Não se trata de uma simples recomendação do Comitê da ONU, como algumas vozes inclusive do primeiro escalão do (des)governo do Brasil alardeiam, abrindo espaço para ser aceita ou não e o perigo agora está em que a ignorância do Ministro Alexandre de Moraes sobre o efeito vinculante da determinação do Conselho de direitos humanos da ONU possa ser partilhada pelas/os demais ministras/os do STF. Ao repetir o ditado da sua avó, porém, mandando cada macaco para o seu galho, o ministro não se deu conta que acabou colocando a ele e a todas/as ministras dependuradas/os nesse galho como se todas/os fossem macacos.

Uma imagem tão infeliz como essa é lícito esperar-se que a impropriedade do seu juízo morra por aí, sem influir em mais ninguém. De quebra, o julgado pelo Conselho da ONU serviu para confirmar a legalidade e a constitucionalidade do despacho dado pelo juiz gaúcho Rogerio Favretto, que já tinha concedido habeas corpus ao Lula, sob razões similares ao da organização internacional.

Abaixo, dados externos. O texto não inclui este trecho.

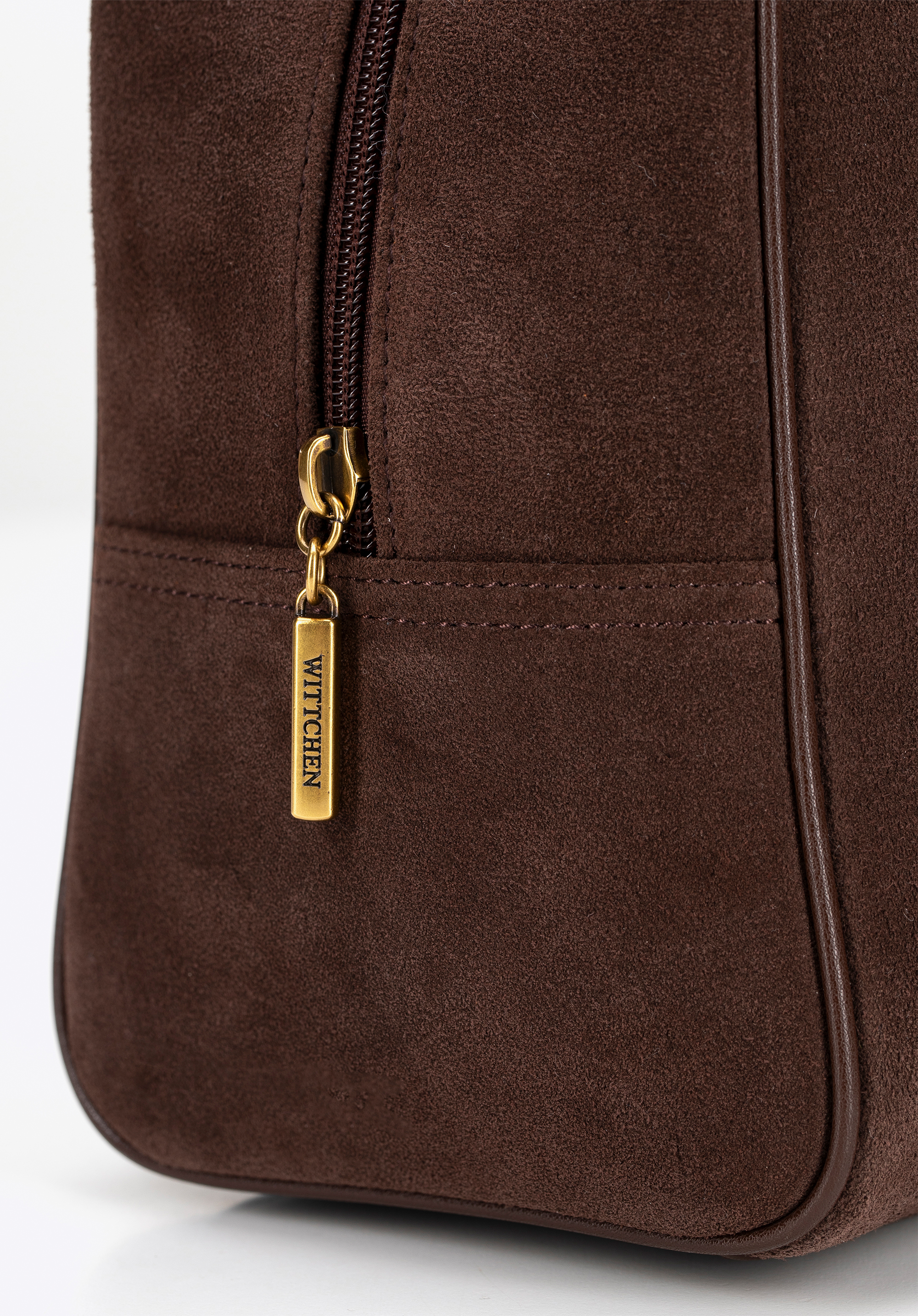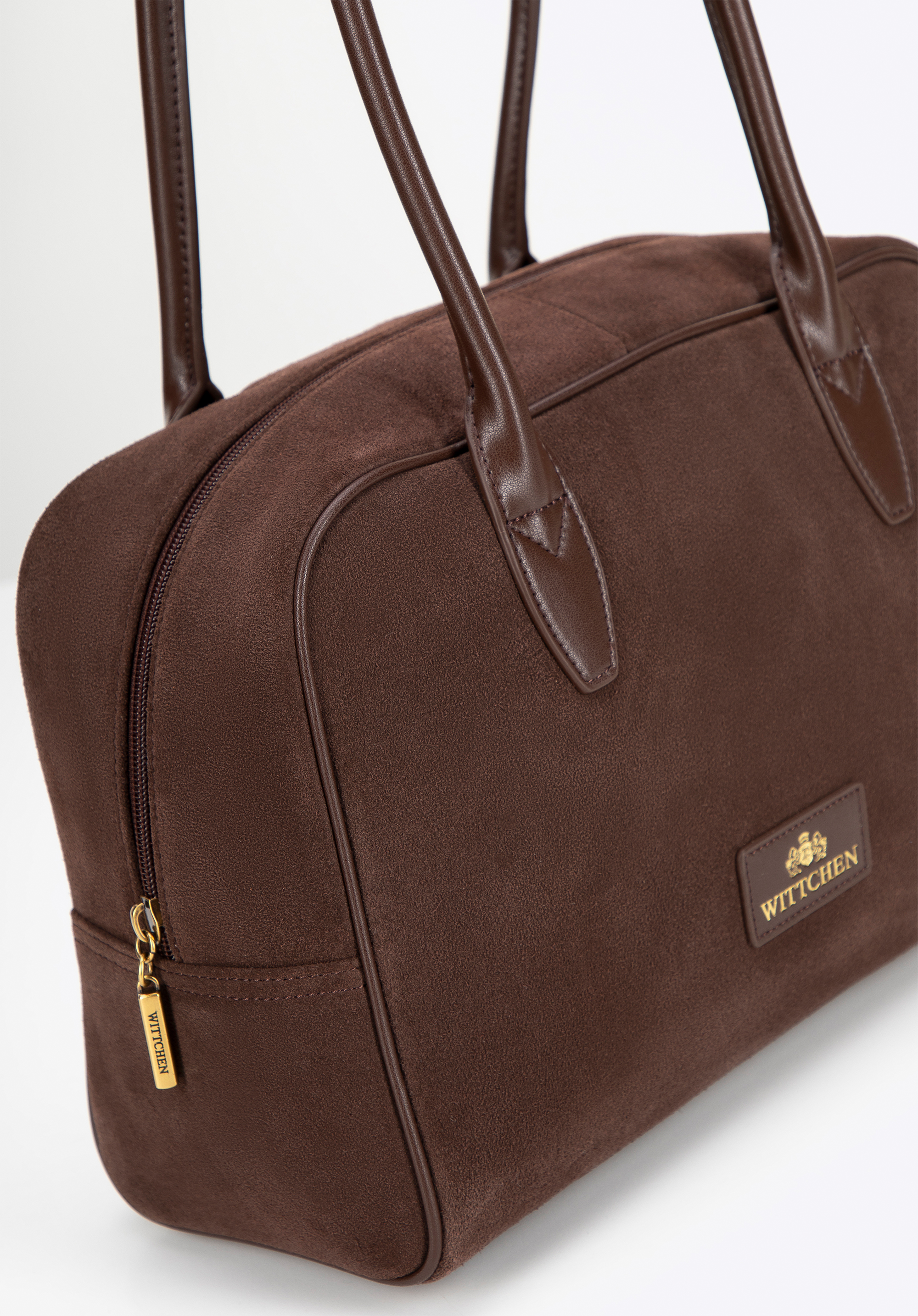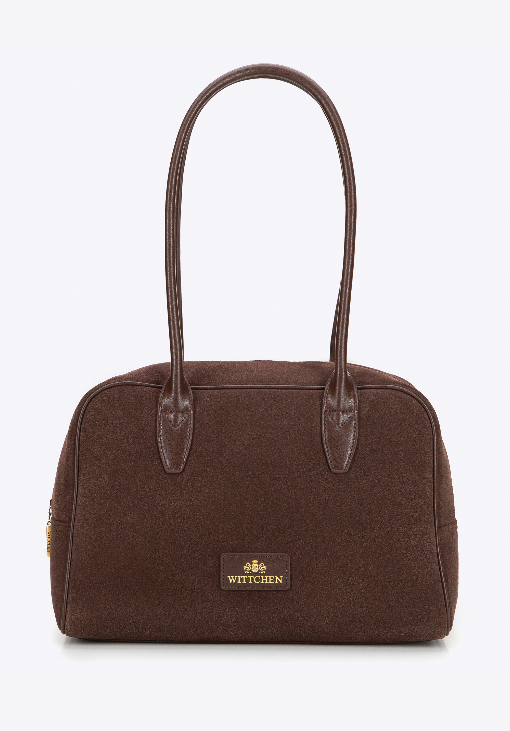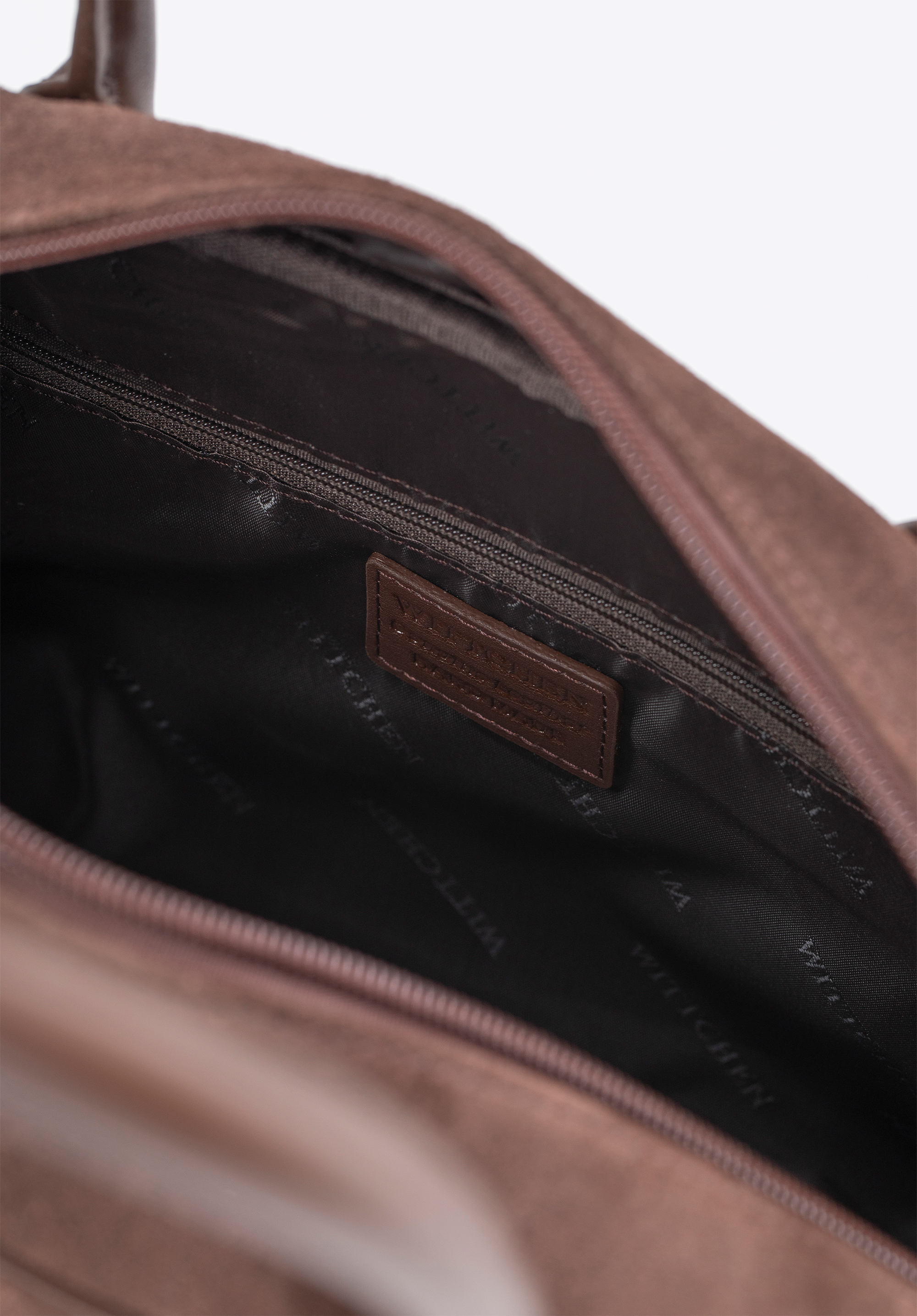 - Materiał: Skóra naturalna w dwóch fakturach – zamszowej na przodzie i gładkiej od strony ciała – uzupełniona solidnymi rączkami i detali wewnętrznymi z imitacji skóry łączy elegancję z komfortem codziennego noszenia.

Sua coragem, diante do poder da onda habilmente criada pelo poderoso vozerio midiático e até de parte do Judiciário, sustentando inexistir mais qualquer possibilidade de reconhecimento de presunção de inocência de condenadas/os em segunda instância que tenham ajuizado recurso, recebeu apoio de, nada menos, que uma Organização internacional para exigir o contrário. Deixa mudos os despachos judiciais posteriores que o desautorizaram, os do presidente do TRF4, Thompson Flores e do juiz Sergio Moro, bem como a avalanche de críticas que ele recebeu posteriormente de toda aquela fração do poder público e privado servil à tese de se impedir a qualquer custo a candidatura do ex-presidente.

Num ambiente política e juridicamente viciado como o Brasil está presenciando, a legitimidade dessa greve de fome já provou, por tudo isso, a sua oportuna razão de ser. É uma bem aventurada fome de justiça, que serve também para denunciar de forma heroica a outra, material, a de pão, que a partir de 2016 (!) voltou a roer o corpo de milhões de brasileiras/os pobres num Brasil que já tinha saído do mapa da fome. Uma e outra só podem ser saciadas se todas as garantias devidas aos direitos civis, garantes de voto, e sociais, como o da alimentação, que lhes servem de efetivo conteúdo se traduzirem efetivamente na vida das atuais vítimas do desrespeito crescente desses direitos por aqui. Isso poderia começar com o Supremo ouvindo e atendendo o mandado pelo Conselho de Direitos Humanos da ONU, e a justa e legal exigência dos grevistas.